What is being asked =
I'd like the entries repeated exactly, pictures omitted.

Dataset records =
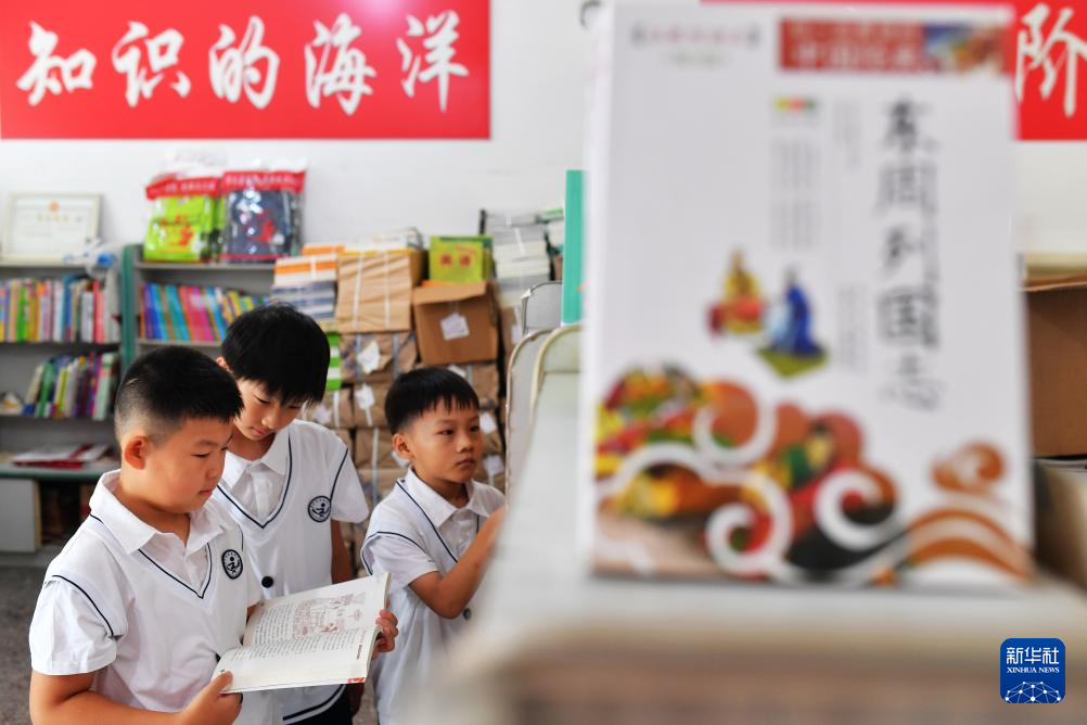 8月25日,山东省青岛市城阳区夏庄小学学生在选购学习辅助书籍。新华社发(王海滨摄)
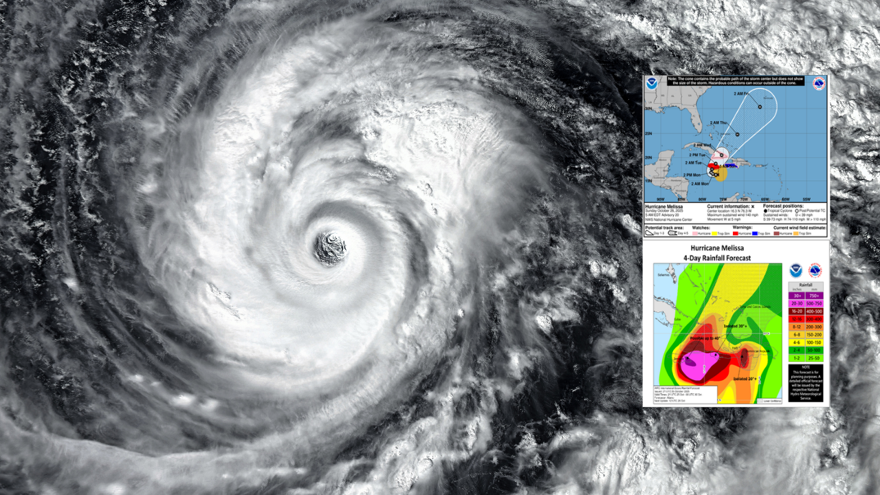 Se esperaba que Melissa dejara caer lluvias torrenciales de hasta 76 centímetros en Jamaica y el sur de La Española —la isla donde se encuentran Haití y la República Dominicana— según el centro de huracanes. Algunas áreas podrían recibir hasta 101 centímetros de lluvia.
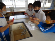 4年生は,理科室で実験をすることが増えてきました。今日は「水は,あたためたり,冷やしたりすると,体積が変わるのだろうか。」という問題を解決するために,計画を立てて実験を行いました。水の体積が変わっていくのを見て,感動しました。
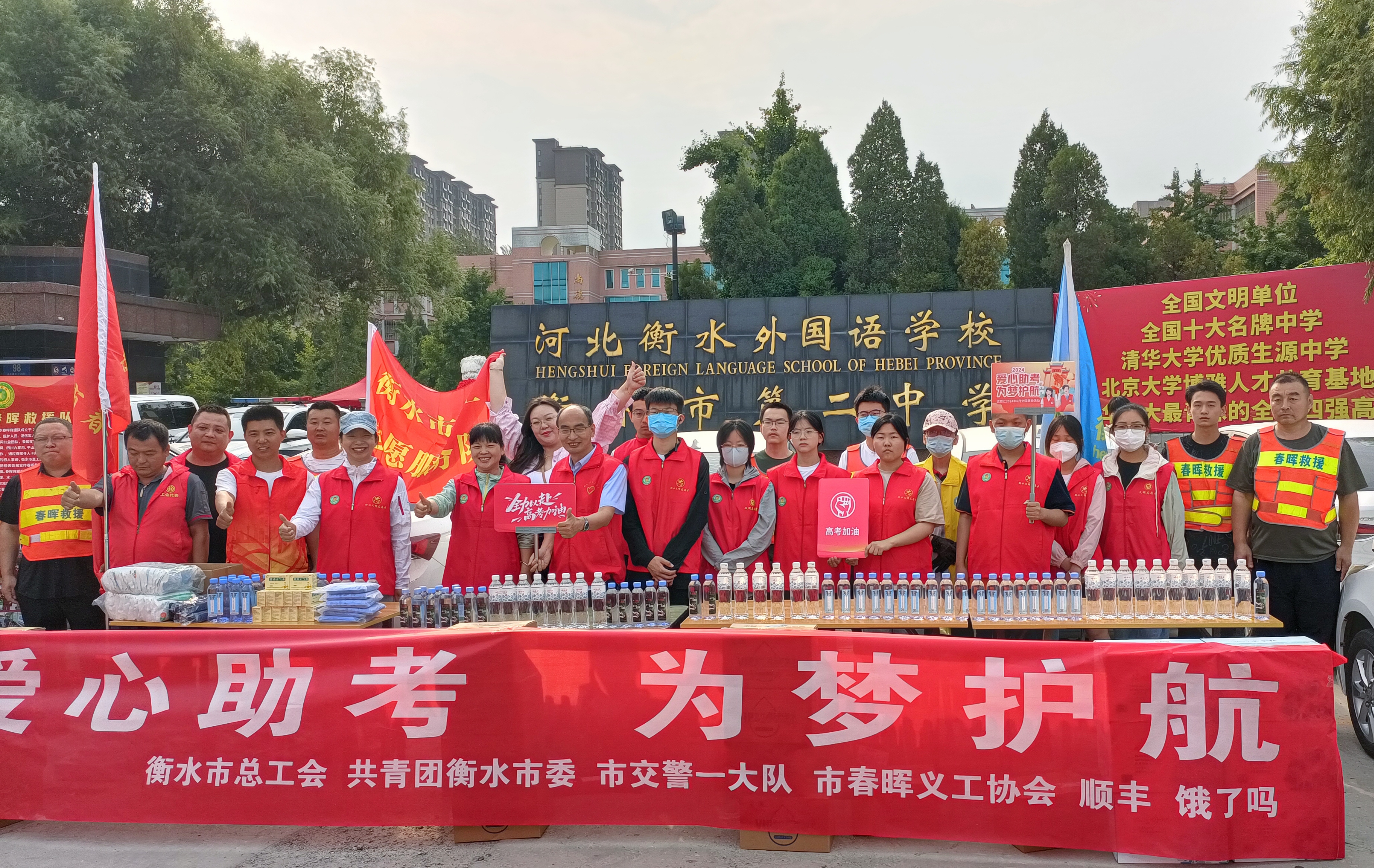 为进一步弘扬“奉献、友爱、互助、进步”的志愿服务精神,精心做好2024年我市高考志愿服务保障工作,给考生和家长提供力所能及的服务,衡水市总工会、共青团衡水市委、市交警一大队、市春晖义工协会、顺丰、饿了吗等企事业单位在高考期间开展“爱心助考·为梦护航”志愿服务活动,为考生提供爱心送考、爱心物资、现场引导、秩序维护等志愿服务。
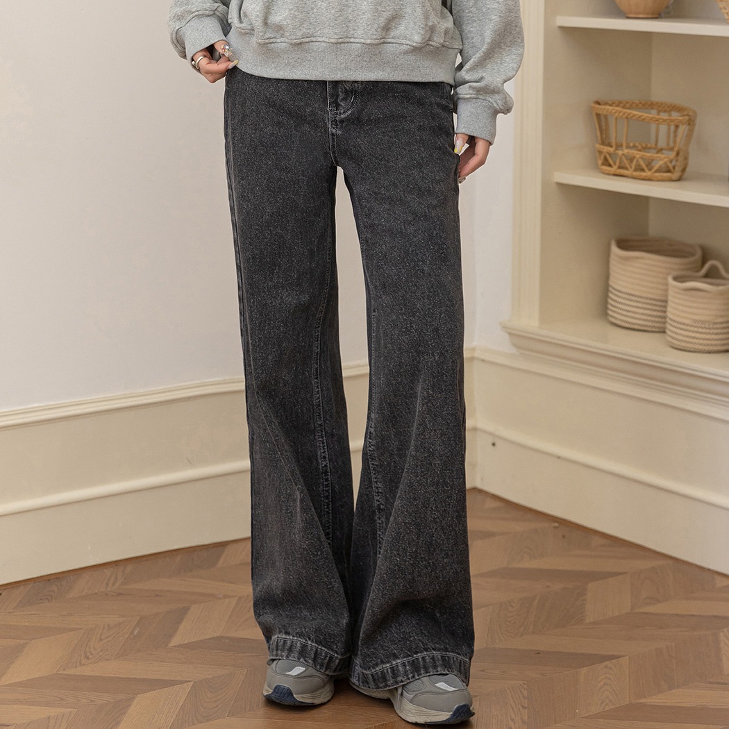 『最安値販売』デニム パンツ ワイド ストレート レディース ボトムス ジーンズ ワイドストレートパンツ きれいめ 中厚手 黒 春 秋 冬 ロングシーズン
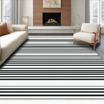 Ultra Soft Area Rug, Non Slip, Stain Resistant, Washable Area Rugs for Living Room, Bedroom, Classic Monochrome Striped Flat Weave Rug with Reversible Farmhouse Design(Black) Overview:
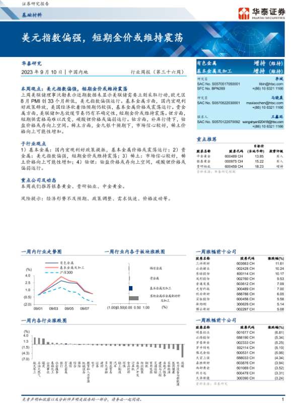 【华泰证券】【20230910】20230910-华泰证券-基础材料行业周报(第三十六周):美元指数偏强,短期金价或维持震荡-15页 行业研究
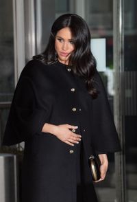 メーガン妃お得意の着こなしである肩掛けコート着用で、第2子妊娠説が浮上している。
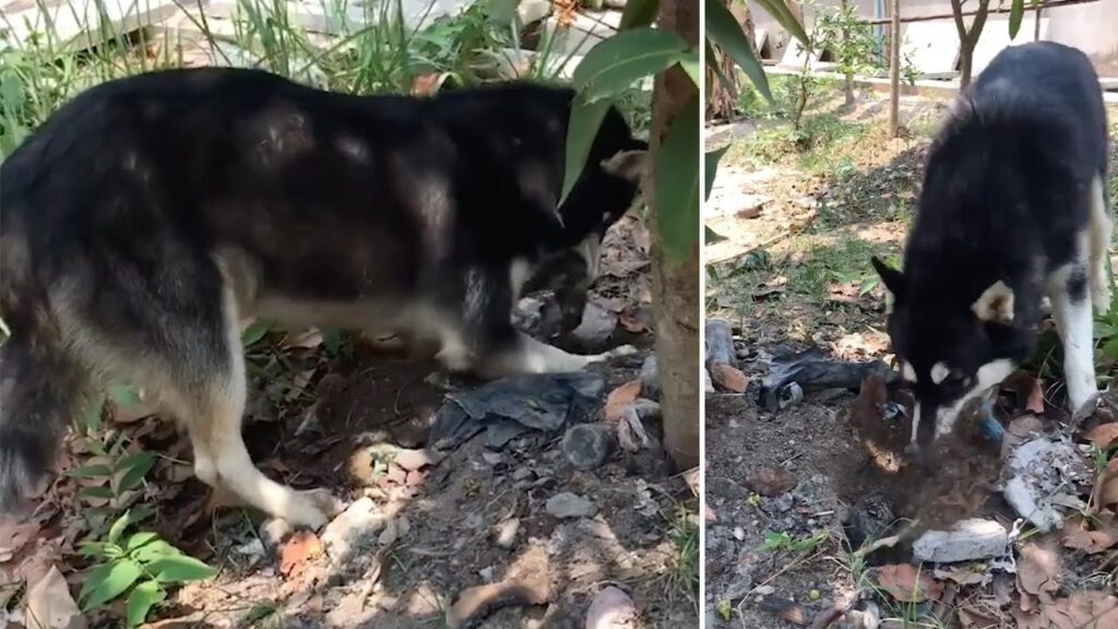 Σκληρές εικόνες: Σκυλίτσα θάβει το νεκρό παιδάκι της (βίντεο)
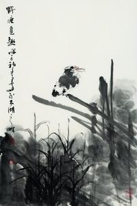 識得陀陀居主人朱墨春已有多年,常見其捧一把茶壺,閒居書齋,看書、寫字、畫畫。在別人象工匠那樣,一月或數月千筆萬筆製作大幅畫作時,他卻巋然不動,自顧醉心於三筆兩筆的水墨小品,自娛自樂。在別人大談構成意象,大搞水墨實驗時,他卻靜靜地躲進畫室,照樣閒閒地坐享傳統經典的滋養,在與前輩大師超越時空的對話中開悟心胸。
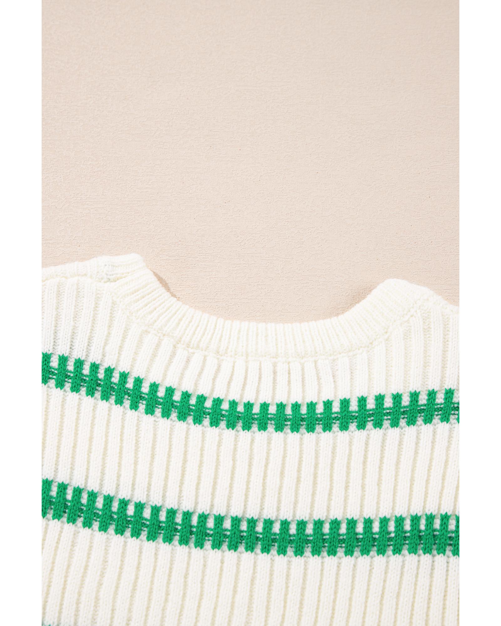 Bright Green Striped Round Neck Casual Sweater Vest – L
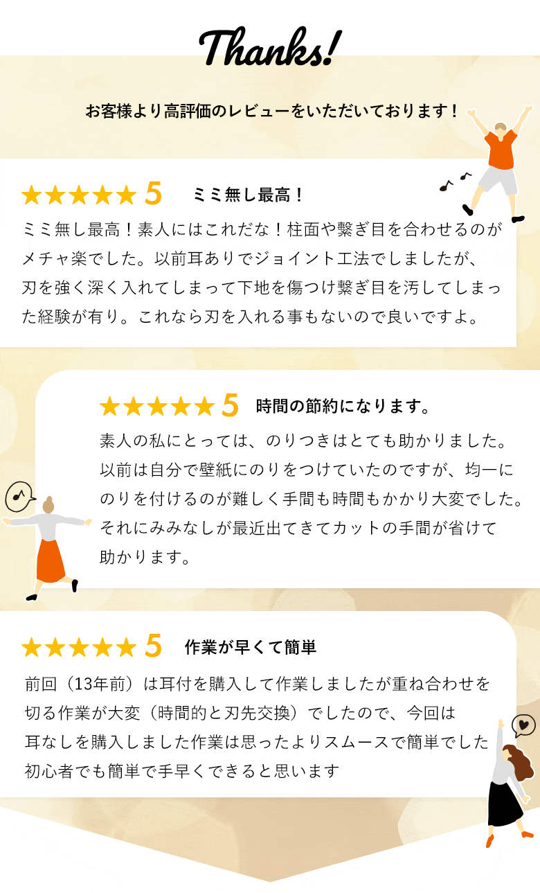 - スリット壁紙(ミミなし)なので、重ね切り不要でぴったりと突き合わせるだけ。初心者でも簡単、スピーディーに貼り替えができます。
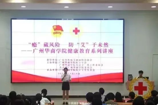 为贯彻落实“健康中国”理念,推行健康生活方式,进一步普及宣传知艾防艾相关知识,预防艾滋病在校园传播,11月14日晚,威廉希尔williamhill中文关心下一代工作委员会、威廉希尔williamhill中文红十字会、共青团威廉希尔williamhill中文委员会、威廉希尔williamhill中文红十字会学生分会联合广东省性病艾滋病防治协会开展“瘾”藏风险,防“艾”于未然健康科普教育系列活动,积极建设“健康校园”。
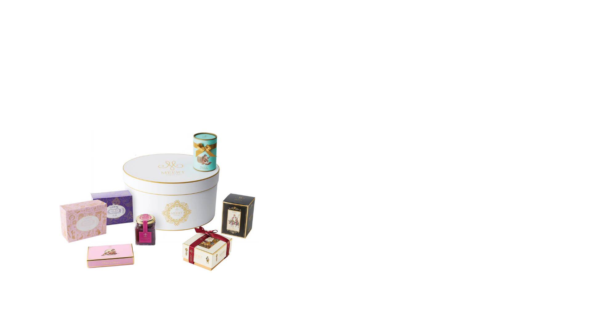 1 box of 12 vanilla waffles, 1 box of Saint Nicholas tea (100 g), 1 small box of pink pralines, 1 small box of orangettes, 1 box of fruit pastes, 1 jar of strawberry jam (275 g)
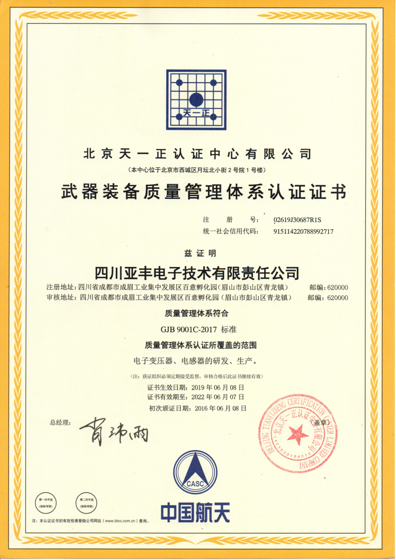 6月5日至6日,亞豐電子順利通過國軍標質量管理體系2019年度監督暨換版現場審核。
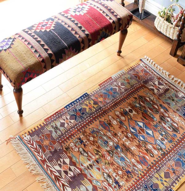 トライバルラグのお花が咲いた長靴を履く玄関
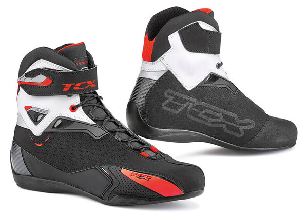 In questo modello la costruzione della tomaia prevede l’utilizzo di diversi materiali: dalla microfibra opaca con effetto soft touch, alla pelle scamosciata che agevola il grip sul telaio della moto, fino ad arrivare al tessuto mesh impiegato per rendere il collarino interno più confortevole.

Completed exercise =
 8月25日,山东省青岛市城阳区夏庄小学学生在选购学习辅助书籍。新华社发(王海滨摄)
 Se esperaba que Melissa dejara caer lluvias torrenciales de hasta 76 centímetros en Jamaica y el sur de La Española —la isla donde se encuentran Haití y la República Dominicana— según el centro de huracanes. Algunas áreas podrían recibir hasta 101 centímetros de lluvia.
 4年生は,理科室で実験をすることが増えてきました。今日は「水は,あたためたり,冷やしたりすると,体積が変わるのだろうか。」という問題を解決するために,計画を立てて実験を行いました。水の体積が変わっていくのを見て,感動しました。
 为进一步弘扬“奉献、友爱、互助、进步”的志愿服务精神,精心做好2024年我市高考志愿服务保障工作,给考生和家长提供力所能及的服务,衡水市总工会、共青团衡水市委、市交警一大队、市春晖义工协会、顺丰、饿了吗等企事业单位在高考期间开展“爱心助考·为梦护航”志愿服务活动,为考生提供爱心送考、爱心物资、现场引导、秩序维护等志愿服务。
 『最安値販売』デニム パンツ ワイド ストレート レディース ボトムス ジーンズ ワイドストレートパンツ きれいめ 中厚手 黒 春 秋 冬 ロングシーズン
 Ultra Soft Area Rug, Non Slip, Stain Resistant, Washable Area Rugs for Living Room, Bedroom, Classic Monochrome Striped Flat Weave Rug with Reversible Farmhouse Design(Black) Overview:
 【华泰证券】【20230910】20230910-华泰证券-基础材料行业周报(第三十六周):美元指数偏强,短期金价或维持震荡-15页 行业研究
 メーガン妃お得意の着こなしである肩掛けコート着用で、第2子妊娠説が浮上している。
 Σκληρές εικόνες: Σκυλίτσα θάβει το νεκρό παιδάκι της (βίντεο)
 識得陀陀居主人朱墨春已有多年,常見其捧一把茶壺,閒居書齋,看書、寫字、畫畫。在別人象工匠那樣,一月或數月千筆萬筆製作大幅畫作時,他卻巋然不動,自顧醉心於三筆兩筆的水墨小品,自娛自樂。在別人大談構成意象,大搞水墨實驗時,他卻靜靜地躲進畫室,照樣閒閒地坐享傳統經典的滋養,在與前輩大師超越時空的對話中開悟心胸。
 Bright Green Striped Round Neck Casual Sweater Vest – L
 - スリット壁紙(ミミなし)なので、重ね切り不要でぴったりと突き合わせるだけ。初心者でも簡単、スピーディーに貼り替えができます。
 为贯彻落实“健康中国”理念,推行健康生活方式,进一步普及宣传知艾防艾相关知识,预防艾滋病在校园传播,11月14日晚,威廉希尔williamhill中文关心下一代工作委员会、威廉希尔williamhill中文红十字会、共青团威廉希尔williamhill中文委员会、威廉希尔williamhill中文红十字会学生分会联合广东省性病艾滋病防治协会开展“瘾”藏风险,防“艾”于未然健康科普教育系列活动,积极建设“健康校园”。
 1 box of 12 vanilla waffles, 1 box of Saint Nicholas tea (100 g), 1 small box of pink pralines, 1 small box of orangettes, 1 box of fruit pastes, 1 jar of strawberry jam (275 g)
 6月5日至6日,亞豐電子順利通過國軍標質量管理體系2019年度監督暨換版現場審核。
 トライバルラグのお花が咲いた長靴を履く玄関
 In questo modello la costruzione della tomaia prevede l’utilizzo di diversi materiali: dalla microfibra opaca con effetto soft touch, alla pelle scamosciata che agevola il grip sul telaio della moto, fino ad arrivare al tessuto mesh impiegato per rendere il collarino interno più confortevole.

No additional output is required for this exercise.